Saudi Arabia's Minster of Energy Prince Abdulaziz bin Salman Al Saud speaks at the COP26 U.N. Climate Summit, in Glasgow, Scotland, Wednesday, Nov. 10, 2021. The U.N. climate summit in Glasgow has entered its second week as leaders from around the world, are gathering in Scotland's biggest city, to lay out their vision for addressing the common challenge of global warming.
 (AP Photo/Alberto Pezzali)


GLASGOW, Scotland (AP) — The tightest of smiles on his face and the fabric of his traditional thobe swirling about him as he strides through a hallway at U.N. climate talks, Saudi Arabia’s energy minister expresses shock at repeated complaints that the world’s largest oil producer is working behind the scenes to sabotage negotiations.
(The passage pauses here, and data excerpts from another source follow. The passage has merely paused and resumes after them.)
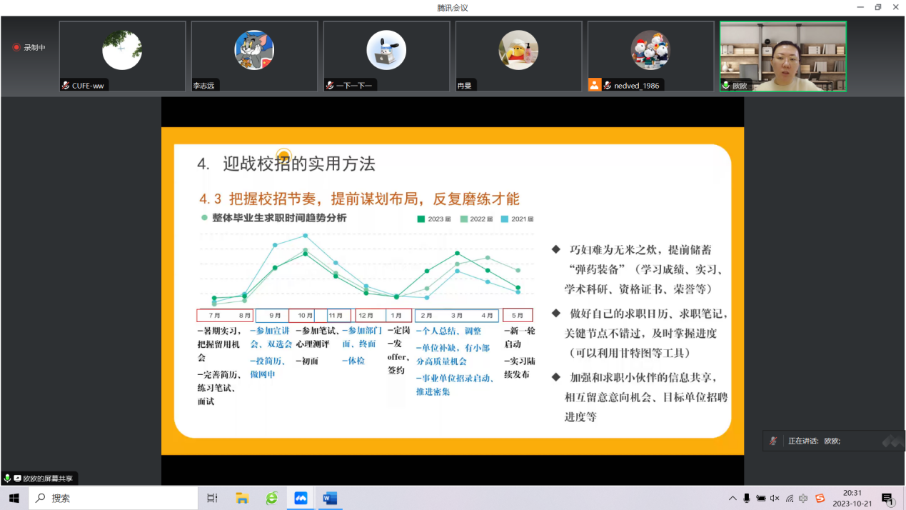 露沾草,风落木,岁方秋。金秋十月,秋招正在如火如荼的开展中。2023年10月21日晚,必赢nn699net官网在线举办了“引航助力,职通未来”系列活动之就业形势分析与对策建议主题分享会。学院邀请了生涯规划师、生涯测评师,学校学生就业创业指导中心副主任欧萌老师为我们带来了更加具体的就业信息和求职指导,让我们一起来看看吧!
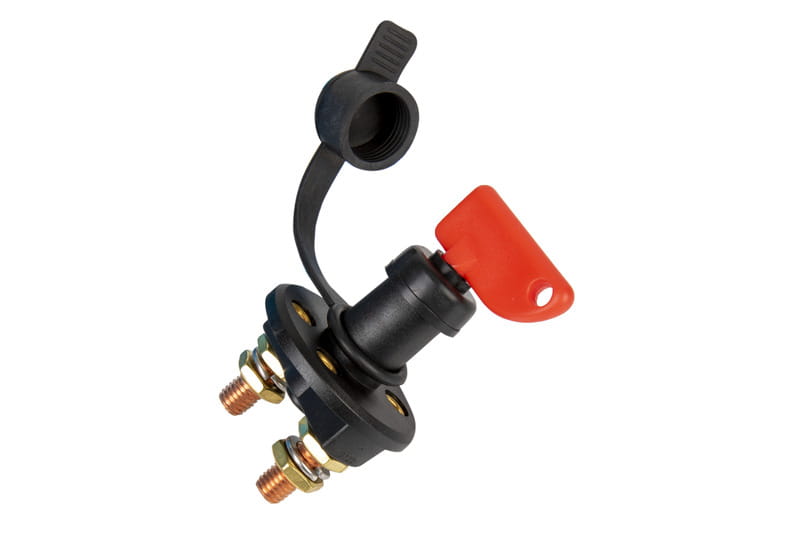 Wyłacznik akumulatora o natężeniu 500 A przez 5 sekund. Z wyjmowanym kluczem Do odłączania dwóch akumulatorów Jako wyłącznik główny i urządzenie zabezpieczające pojazd przed kradzieżą Bardzo przydatny do zapobiegania zwarciom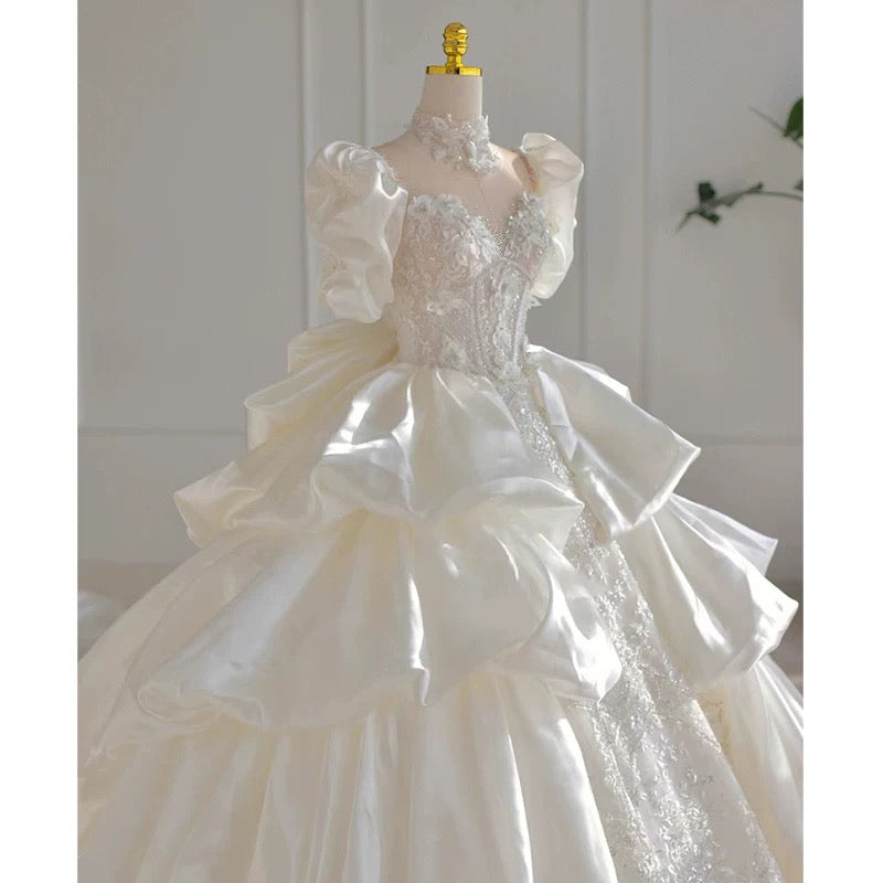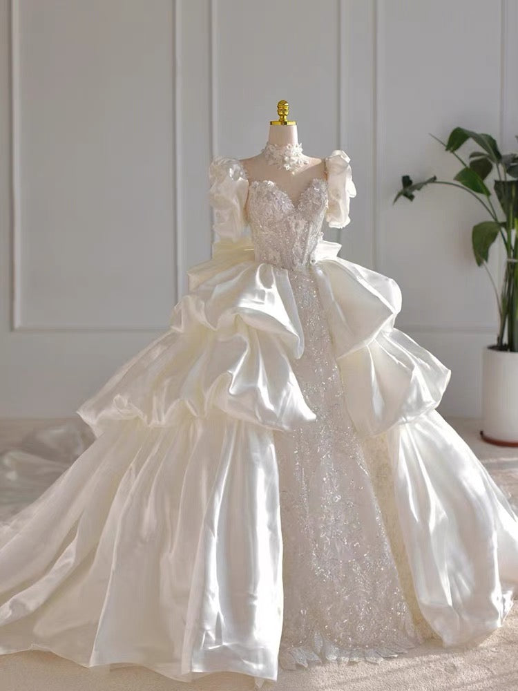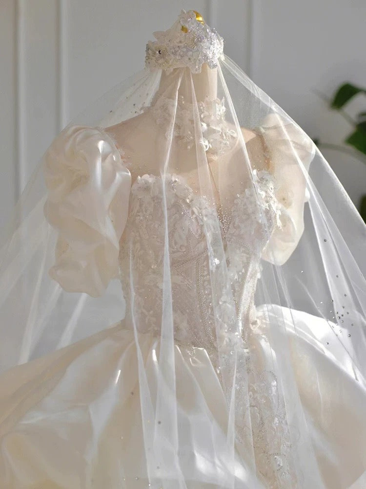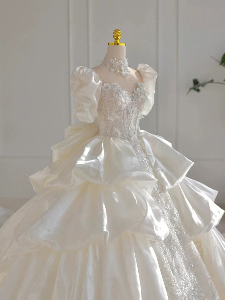 Dreamy Ball Gown High Neckline Short Sleeves White Lace Wedding Dresses With Beads HZ1024
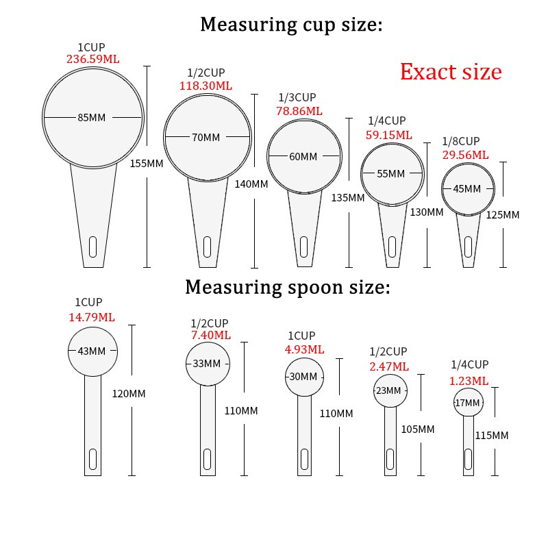 Löffel kapazität: 1/4sp (1,23 ml), 1/2sp (2,47 ml), 1tsp (4,93 ml), 1/2tbsp (7,40 ml), 1 esslöffel (14,79 ml)
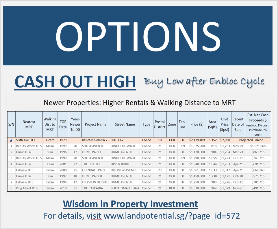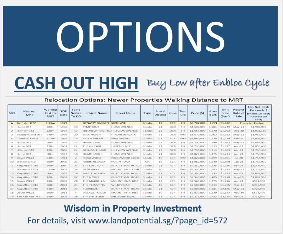 Relocation Options: Newer Properties Walking Distance to MRT( Strategy: Sell Now Buy Later, After Enbloc Cycle )
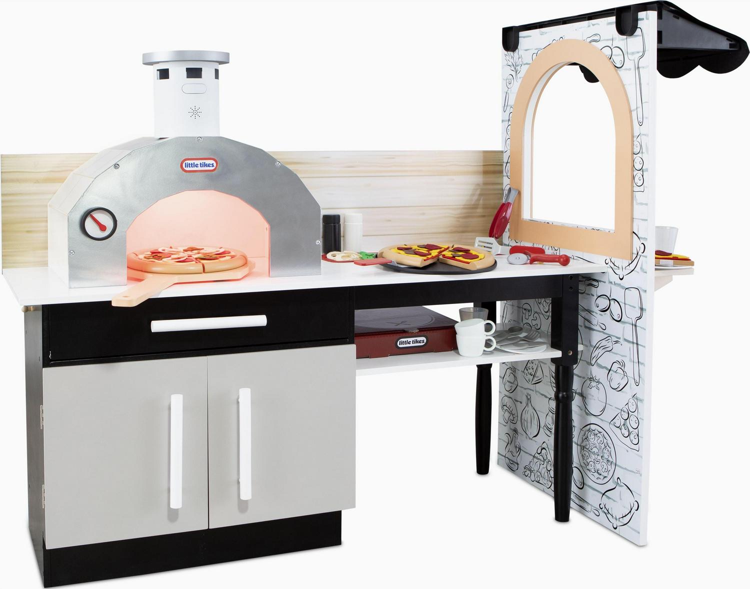 Role play becomes gourmet with this real looking, sturdy and durable wood pizza restaurant, where kids can dream up and bake their favorite pizzas and then serve them to friends and family. Inspired by those rustic pizza restaurants with the unique and special wood burning ovens, this dual-sided play allows kids to play pizza chef, server or customer. Kids will be encouraged to cook up their imagination and creativity thanks to the 20+ accessories, including pizzas and tons of stick-on felt toppings, as well as all the utensils and serving items they’ll need. And the realistic lights and sounds add to the excitement. The cabinet has working doors and drawer for tons of storage and easy cleanup. This set is molto bene.It’s time to cook up some fun in the kitchen! The Little Tikes wooden play kitchen with accessories offers a great place to spend time playing with your toddler and preschooler, whether pretend baking their favorite tasty dish or cleaning up dishes after a wonderful meal! The perfect toy gift for ages 3-5 year old girls and boys. The wooden play kitchen play sets come with all of the accessories needed to keep girls and boys busy all day with imaginative pretend play! With its realistic lights sounds and interactive features, these popular wooden play kitchen play set looks just like a real kitchen in your house! From MGA Entertainment, creator of the beloved Fashion, Collectible, Girls and Baby Doll lines LOL Surprise, Rainbow High, Na Na Na Surprise, Bratz, MGA’s Dream Ella, MGA’s Glitter Babyz, Lalaloopsy, Poopsie Surprise, and Baby born Surprise, as well as Little Tikes and many other favorites.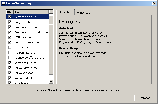 Wie auch bei Thunderbird sind viele Funktionen über Plugins realisiert, dazu gehören Basisdinge wie IMAP aber auch Funktionen für Exchange und Novell GroupWise oder Hula-Kalender. Eine aktive Community wie für Thunderbird-Add-Ons existiert allerdings nicht. Mir scheint aber auch der Bedarf geringer zu sein, Evolution macht die Dinge die ich oben als Hauptkomponenten aufgeführt habe und die macht es ordentlich. Und im Gegensatz zu Thunderbird1 kann es auch unter IMAP artgerecht löschen ![]()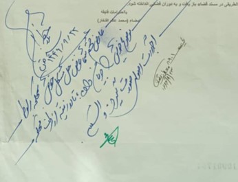 ظاهراً معلوم می شود که محکمه حتی بر وثیقه صادره و حصر وراثت تبیین کرده خودش شک و تردید دارد و با جعل شهادت مضاعف این افراد؛ گویا آن را مؤثق تر می گرداند!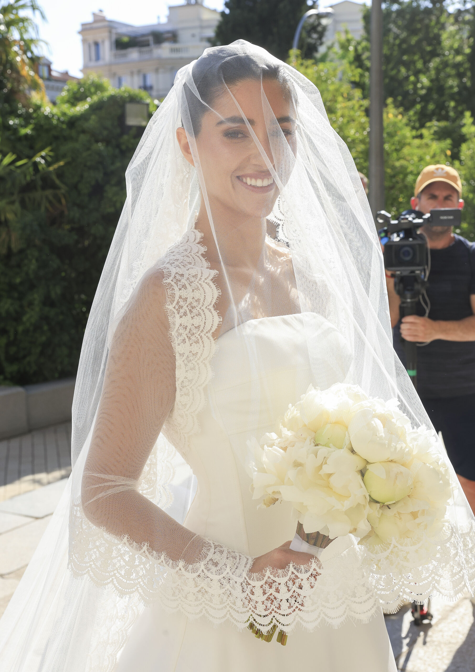 En sus manos ha lucido un bonito ramo de peonías, y como joyas ha elegido unos pendientes con pequeños diamantes. Para su cabello, Carla ha elegido un sencillo moño estilo bailarina.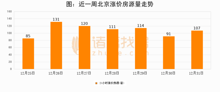 根据诸葛找房数据显示,北京24小时涨价房源量为107套,较12月30日增加16套,环比上涨17.6%。与此同时,涨价房源占比小幅扩大,业主信心有所提升。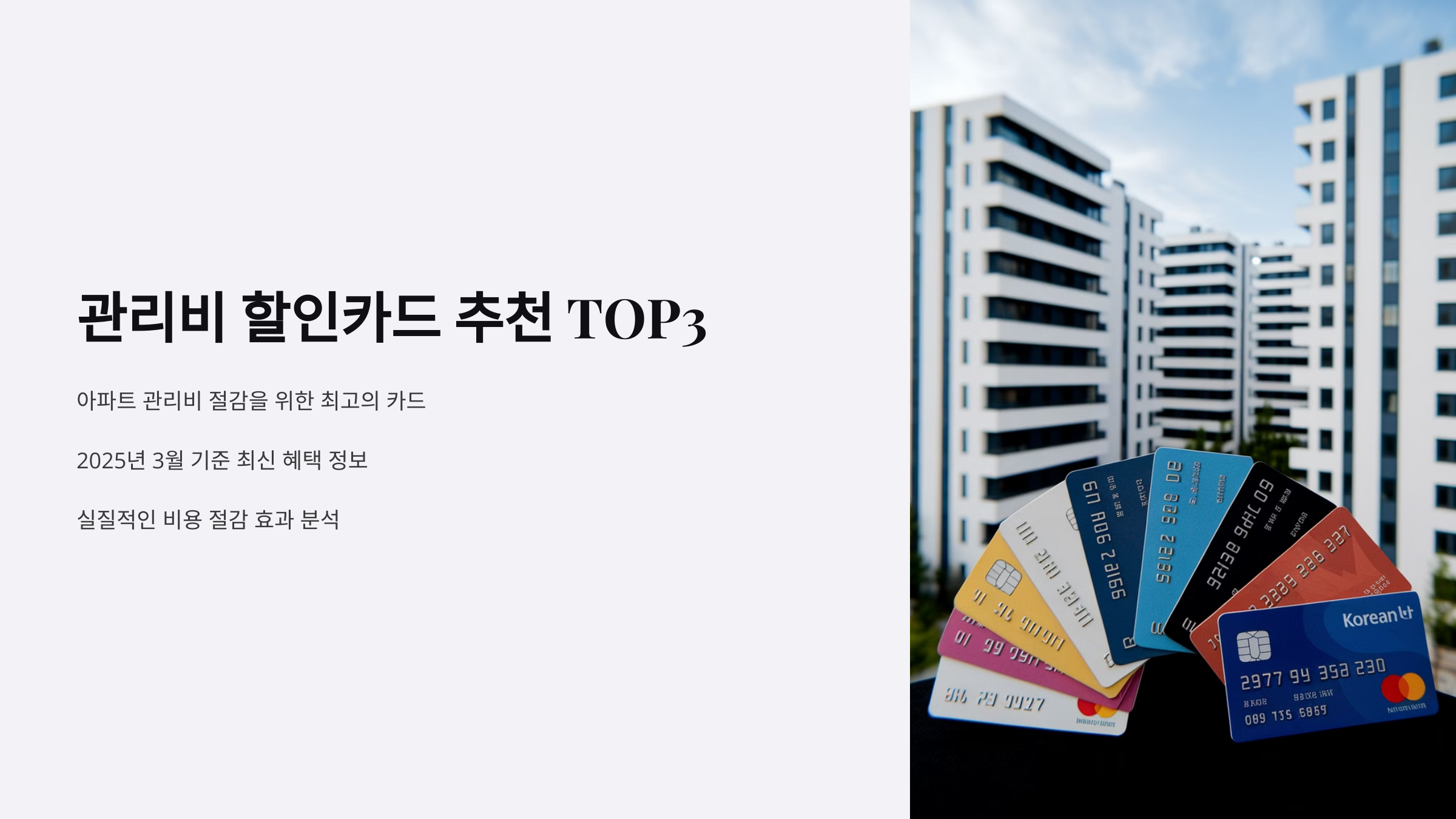 수많은 카드 중에서 어떤 카드가 관리비 절약에 가장 도움이 될까요? 여기서 소개하는 카드 3종은 실제 할인율도 높고, 사용성도 좋아서 많은 분들이 사용하고 있는 카드들이에요! 💡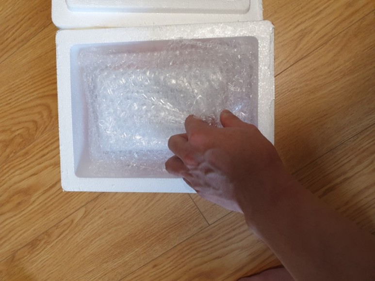 뭐 아무튼, 뜯어보고 선물임을 인식했다! 다시 기분좋게 개봉박두! 마카롱이 깨지지 말라고 뾱뾱이로 감싸져있고, 또 변질되지 말라고 아이스팩이 들어가 냉동상태로 온다.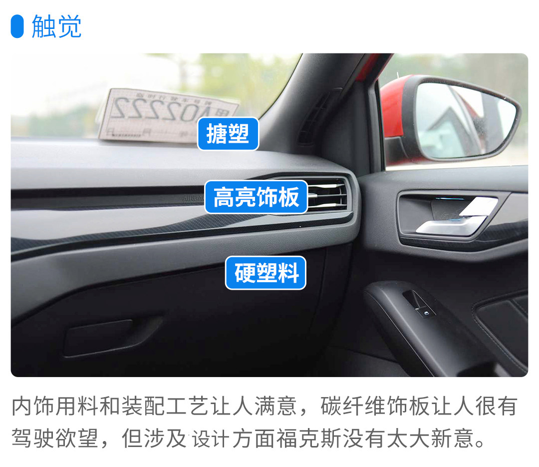 对于福睿斯这个价位的车型来说,中控顶部使用了软搪塑是我没有想到的,在入门级紧凑型轿车中并不多见,福特的用料水平还是值得肯定的,而且那两道缝线看上去也非常逼真。车内的内饰氛围比同价位其它车型好一些。到了福克斯身上,内饰则是新一代福特车型的风格,更加平直简洁的设计、更合理的人机工程学使得福克斯比起旧款车型更加科学、视觉上也觉得更加宽敞。相比较福睿斯,福克斯则是一种运动化的风格,整车的内饰氛围足够年轻,不过唯一的问题就在于方向盘造型有些平庸了,相比较这个内外设计来说有些不搭。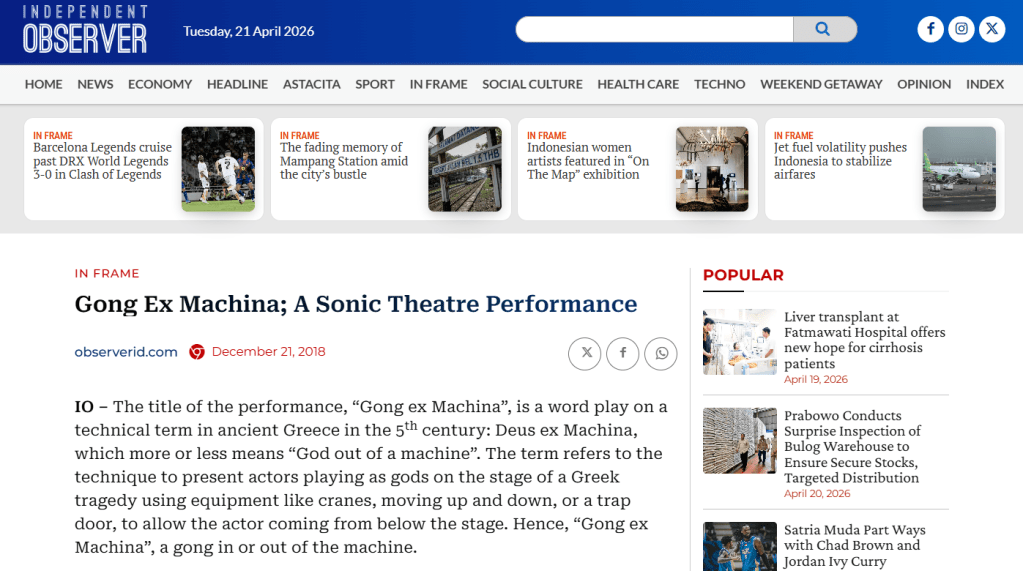 The title of the performance, “Gong ex Machina”, is a word play on a technical term in ancient Greece in the 5th century: Deus ex Machina, which more or less means “God out of a machine”. The term refers to the technique to present actors playing as gods on the stage of a Greek tragedy using equipment like cranes, moving up and down, or a trap door, to allow the actor coming from below the stage. Hence, “Gong ex Machina”, a gong in or out of the machine.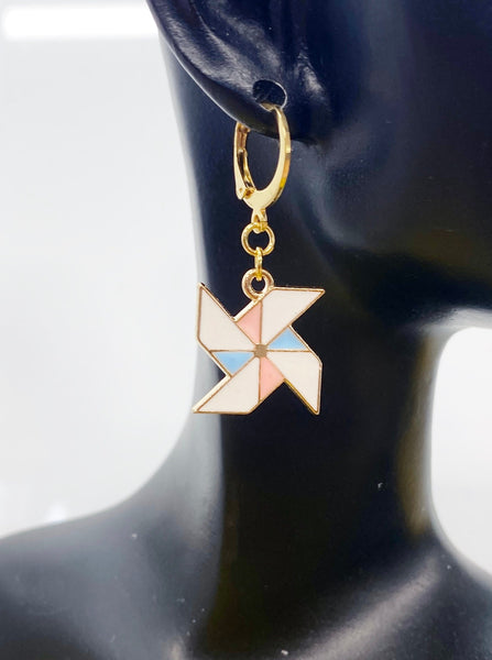 Gold Pinwheel Charm Earrings, Pink Blue White Pinwheel Earrings, Windmill Charm Earrings, Summer Earrings, N2683

“What you have been hearing is a false allegation and a cheat and a lie,” Prince Abdulaziz bin Salman al Saud said this week at the talks in Glasgow, Scotland. He was responding to journalists pressing for a response to claims that Saudi Arabia’s negotiators have been working to block climate measures that would threaten demand for oil.

“We have been working well” with the head of the U.N. climate talks and others, Prince Abdulaziz said.

Negotiators from about 200 countries are coming up against a weekend deadline to find consensus on next steps to cut the world’s fossil fuel emissions and otherwise combat climate change.

Saudi Arabia’s participation in climate talks itself can seem incongruous — a kingdom that has become wealthy and powerful because of oil involved in negotiations where a core issue is reducing consumption of oil and other fossil fuels. While pledging to join emission-cutting efforts at home, Saudi leaders have made clear they intend to pump and sell their oil as long as demand lasts.

Saudi Arabia’s team in Glasgow has introduced proposals ranging from a call to quit negotiations — they often stretch into early morning hours — at 6 p.m. every day to what climate negotiation veterans allege are complex efforts to play country factions against one another with the aim of blocking agreement on tough steps to wrench the world away from coal, gas and oil.

That is the “Saudis’ proposal, by the way. They’re like, ‘Let’s just not work at nights and just accept that this is not going to be ambitious’” when it comes to fast cuts in fossil fuel pollution that is wrecking the climate, said Jennifer Tollmann, an analyst at E3G, a European climate think tank.

And then “if other countries want to agree with Saudi, they can blame Saudi Arabia,” Tollmann said.

Mary Robinson, former president of Ireland and head of a group of senior political leaders on climate, choked up as she told Sky News that Saudi Arabia was playing “dirty games” and seeking to gut crucial, consensus-building parts of draft agreements out of the talks.

Saudi Arabia long has been accused of playing a spoiler in the climate talks, and this year it is the main country singled out so far by negotiators, speaking privately, and observers, speaking publicly. Russia and Australia are also lumped in with Saudi Arabia at the talks as countries that see their futures as dependent on coal, natural gas or oil and as working for a Glasgow climate deal that doesn’t threaten that.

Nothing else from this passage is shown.